Europol Makes Crypto Its Number One Target
Many are still under the impression that cryptocurrencies attract malicious behavior and similar problems, and to an extent, they’re right. Many a time have currencies like bitcoin and now Monero – a digital asset popular amongst thieves for its quasi-anonymous properties – been tied to illicit purchases on the black-market involving drugs, firearms and other illicit items.
Monero has even given rise to a whole new type of thievery known as crypto-jacking. The process involves a hacker (or hackers) taking over a person’s computer without their knowledge or permission. They use the computer to mine cryptocurrencies – usually Monero – and earn a serious profit while the original computer owner earns nothing (unless you count the high energy bills they receive at the end of each month).
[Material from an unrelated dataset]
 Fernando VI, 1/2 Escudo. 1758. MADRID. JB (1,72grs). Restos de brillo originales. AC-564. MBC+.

It’s an ugly and unfair sight, and one that’s occurring more often, but Europol is looking to put a stop to such problems with a rather unique approach. The game was unleashed at this week’s sixth Cryptocurrency Conference, which was hosted at Europol’s official headquarters. Set to launch in October, the game is among the first “law enforcement training opportunities on cryptocurrency and investigation using gamification,” according to a press release submitted by the agency.
The game basically offers agents real-time virtual training in uncovering malicious actors in the cryptocurrency space. While it sounds like fun, it’s a serious sign that regulation is becoming the new norm, and anyone who doesn’t play by the rules should probably be running scared right about now.
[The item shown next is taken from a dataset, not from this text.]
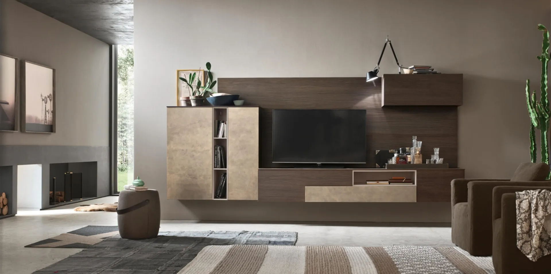 For information and quotes on the Maronese Seta Comp SA2218 Wall Unit in the photo, contact us! The proposed model is made of melamine, but thanks to a wide variety of textures, tones, and shapes, it can adapt to any style. This wall unit is one of the solutions offered by the company and will allow you to furnish the living room according to your specific housing needs. Through a dynamic play of combinations between open shelving or closed compartments, modern wall units furnish the living room effectively utilizing every space.

For example, Live Bitcoin News recently reported that Europol had seized Bestmixer.io, a cryptocurrency “mixing” company that the agency believes may be guilty of laundering as much as $200 million in dirty crypto funds. In addition, the Wall Street Market – an illicit, black market ring that users say scammed them out of as much as $30 million – was also taken down.
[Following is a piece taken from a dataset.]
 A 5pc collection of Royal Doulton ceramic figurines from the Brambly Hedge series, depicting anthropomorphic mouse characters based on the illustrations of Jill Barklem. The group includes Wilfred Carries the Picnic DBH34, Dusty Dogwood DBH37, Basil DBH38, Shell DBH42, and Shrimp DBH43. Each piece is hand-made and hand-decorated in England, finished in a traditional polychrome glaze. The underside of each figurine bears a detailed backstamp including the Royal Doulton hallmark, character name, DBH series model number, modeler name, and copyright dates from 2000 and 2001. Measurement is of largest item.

Not as Anonymous as You Think?
We are now entering an era where platforms or companies that engage in illegal activity or perform “questionable acts” with cryptocurrency are likely to be targeted and seized by authorities. Crypto can be traced; despite the allegedly anonymous qualities of bitcoin and other competing coins, every transaction is recorded via distributed ledger, meaning there’s always a record that those in charge can refer to if they’re looking to take someone (or something) down.
This doesn’t mean that crypto is a shady industry. It just means that there are bad actors out there that valid users need to watch out for. Europol, if anything, will likely bring about a new level of legitimacy to the crypto arena by removing those who would seek to do dirty deeds with digital currencies.